Teachers are spending more time supporting pupils with mental health issues this year than they did previously, according to research.
Some 84 per cent report that they are spending more time helping pupils affected by mental health issues, according to polling commissioned by charity Teach First.
And 58 per cent agree that they are putting more hours into social care issues, with a similar number (52 per cent) giving increased attention to family or financial hardship problems in their schools.
The report is published as Year 6 pupils are taking their Sats this week.
Data commissioned by Tes previously revealed that one in three primary teachers are more concerned for pupil wellbeing than at the same time last year.
Schools ‘picking up the pieces’
Pepe Di’Iasio, general secretary of the Association of School and College Leaders, agreed with the findings.
He said that “the whole tapestry of local support services has fallen away over the past 14 years, leaving schools to pick up the pieces with reduced budgets”.
“Many children are in crisis and school and college leaders and teachers are exhausted. The government is moribund and wilfully burying its head in the sand,” he added.
Teach First believes that the increased workload as a result of this support may be contributing to recruitment and retention challenges, with most (86 per cent) teachers reporting that increased workload is the main contributor to staff shortages.
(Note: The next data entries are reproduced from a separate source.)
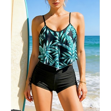 Mujer Traje de baño Tankini 2 Piezas Tropical Utra ligero (UL) Elástico Sin Mangas Bañadores Surf Submarinismo Verano
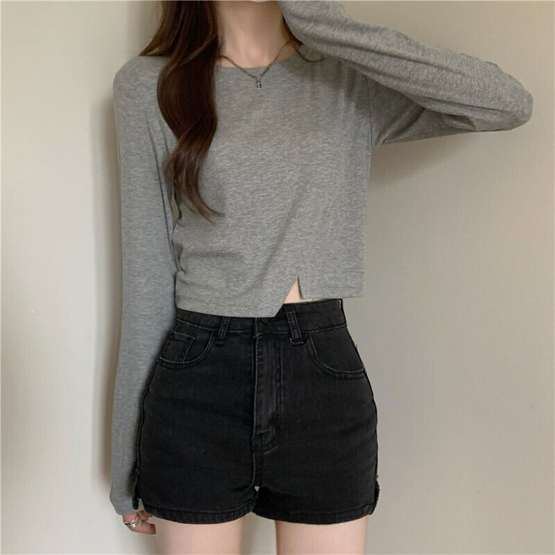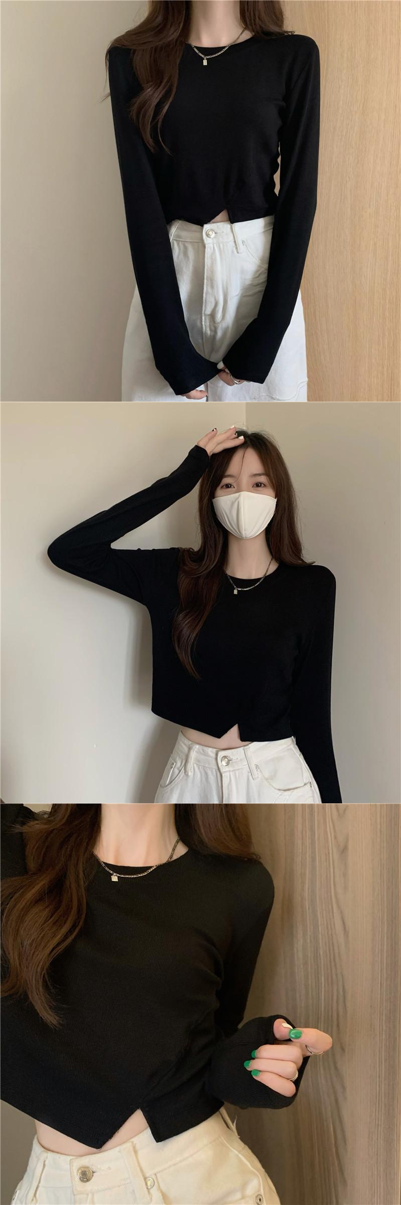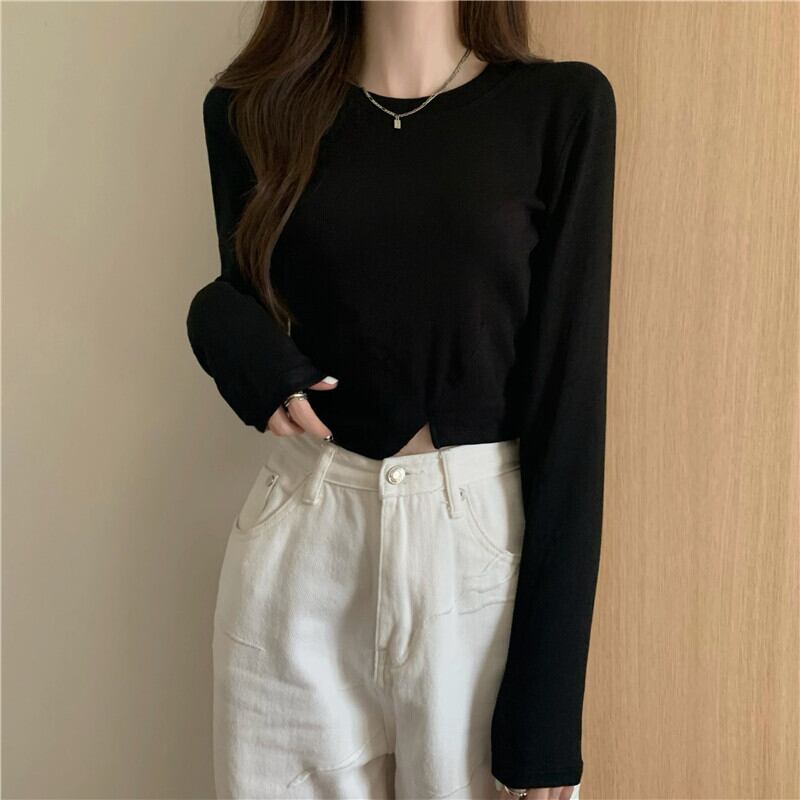クロップドトップス オータムスタイルシャツ ホワイトTシャツ ロング 秋物 1号婦人48166378863
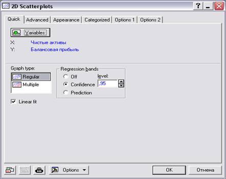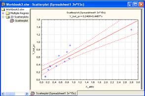 Построим график линейной функции с доверительными интервалами. Для этого в меню Graphs/Scatterplits необходимо указать переменные, линию уровня и доверительные интервалы (рис. 3).

The research precedes the final recommendations from the Department for Education’s Workload Reduction Taskforce, which aims to reduce teachers’ and school leaders’ working week by five hours within three years.
Teach First CEO Russell Hobby urged the task force to reflect the report’s findings in its forthcoming proposals.
He said: “By relieving the wider pressures on schools with additional support on non-educational issues, particularly those serving the most deprived communities, teachers won’t need to pick up so much work outside the classroom.
“Whoever forms the next government must prioritise developing an ambitious teacher recruitment and retention strategy fit for the future, to modernise teaching and ensure a consistent and sustainable pipeline of high-quality trainee teachers.”
Earlier this year, the Workload Reduction Taskforce reinstated a revised list of administrative tasks that teachers should not do.
It also scrapped the controversial requirement for schools to operate performance-related pay progression, amid concerns about the workload it creates for teachers and school leaders.
Although Labour has promised to recruit 6,500 new teachers if elected, it has yet to provide clear details on how this will be done.
More flexible working needed to retain teachers
The report, drawn from a Teacher Tapp survey of more than 2,600 teachers across England, calls for more flexible working practices in schools to support teachers.
Half of teachers in their twenties identified flexible working as a factor contributing to the recruitment and retention crisis, the research states, compared with around 32 per cent of teachers aged over 50.
The findings come after previous research revealed that one in three schools reject flexible working requests from female staff.
Teach First also recommended measures to cut the cost of training to teach, such as higher starting salaries for trainee teachers and the expansion of Teacher Degree Apprenticeships.
These apprenticeships were launched by education secretary Gillian Keegan earlier this year and criticised by unions as too “rushed” and “risking the quality of teaching”.
The report wants to see a “road map” created to significantly increase spending in schools in the most deprived communities from 4.5 per cent to 6.5 per cent of total government spending by 2030.
This translates into a 44 per cent increase in spending and an additional £22 billion a year, targeted at schools with the highest levels of pupil premium.